She dines some place called the mess hall. The food is sorted by color and texture. Yellow. Runny. Stringy. Brown. Something sweet and then the inedible thing. She thought food was something special before she came here, this place that could be the end of the earth for all that has been drained away.

She sleeps in the barracks hut, b-hut, what she learns to call the hooch. It is temporary housing, but there is nothing to replace it. Hooch meant something different where she grew up. It meant drink so strong people renamed you when you drank it. Her squad mate tells her hooch is short for hoochinoo, firewater, something the Tlingit distilled and sold to the miners during the Klondike goldrush.

At night, when they listen for everything and hear nothing, when the thin walls of the hooch make them more target than protection, her squad mate tells her all kinds of things about the people of the tides, her people, and the Alaskan coastline that is her home. She closes her eyes and tries to picture the steep mountains and horsetail falls, the miles of scalloped bays. Her squad mates describes her village down the exact colors of the wolf crest, the teal, black, and red protector painted above her family’s front door.

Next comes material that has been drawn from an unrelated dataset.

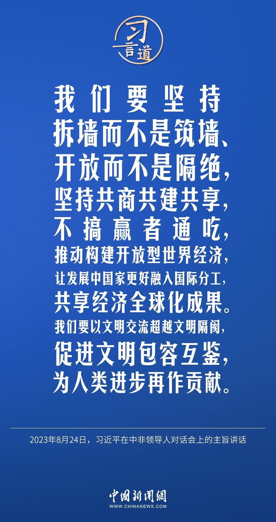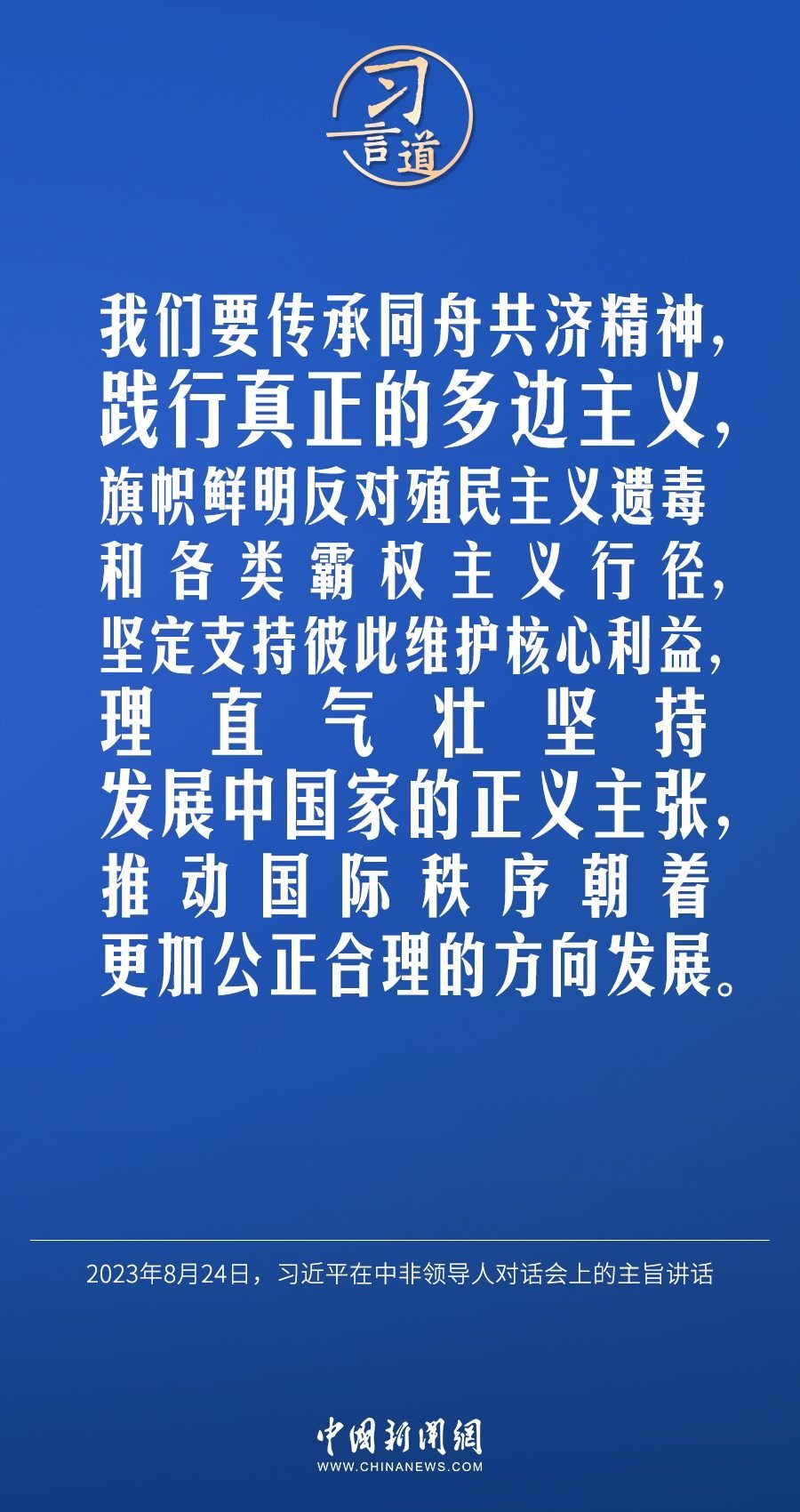當(dāng)?shù)貢r間8月24日晚,國家主席習(xí)近平和南非總統(tǒng)拉馬福薩在約翰內(nèi)斯堡共同主持中非領(lǐng)導(dǎo)人對話會。習(xí)近平發(fā)表題為《攜手推進現(xiàn)代化事業(yè) 共創(chuàng)中非美好未來》的主旨講話。習(xí)近平指出——

She says nothing of her home. It eases the longing to return. When she enlisted, she had not known, could not know, what it would be like to live here, a place that is both the beginning and the end of the world.

Outside the hooch, the land drops down toward the dusty city and the river that is little more than a trickle until the snow melts and the water rushes from the mountains toward Jalabad before flowing across the border. Most of the trees have been harvested and they too traveled south, leaving the mountains barren, plucked of their feathers like a chicken, pink and bloody, stripped of its plumage.

Her grandmother taught her how to kill a chicken, how to clean it and coat its naked skin in buttermilk, then flour. They cooked together every Sunday until she died, making food as an offering to family, to god. That was back in Tennessee where the hills are green year round. Not here, this place that it so barren she wonders if god has turned his back on it. This hooch, this night she prays to live through, and the day that she hopes may never come.



2.

Come, I am going to tell you a story, he would say, and she’d crawl on her grandfather’s lap and wait for the world to split open.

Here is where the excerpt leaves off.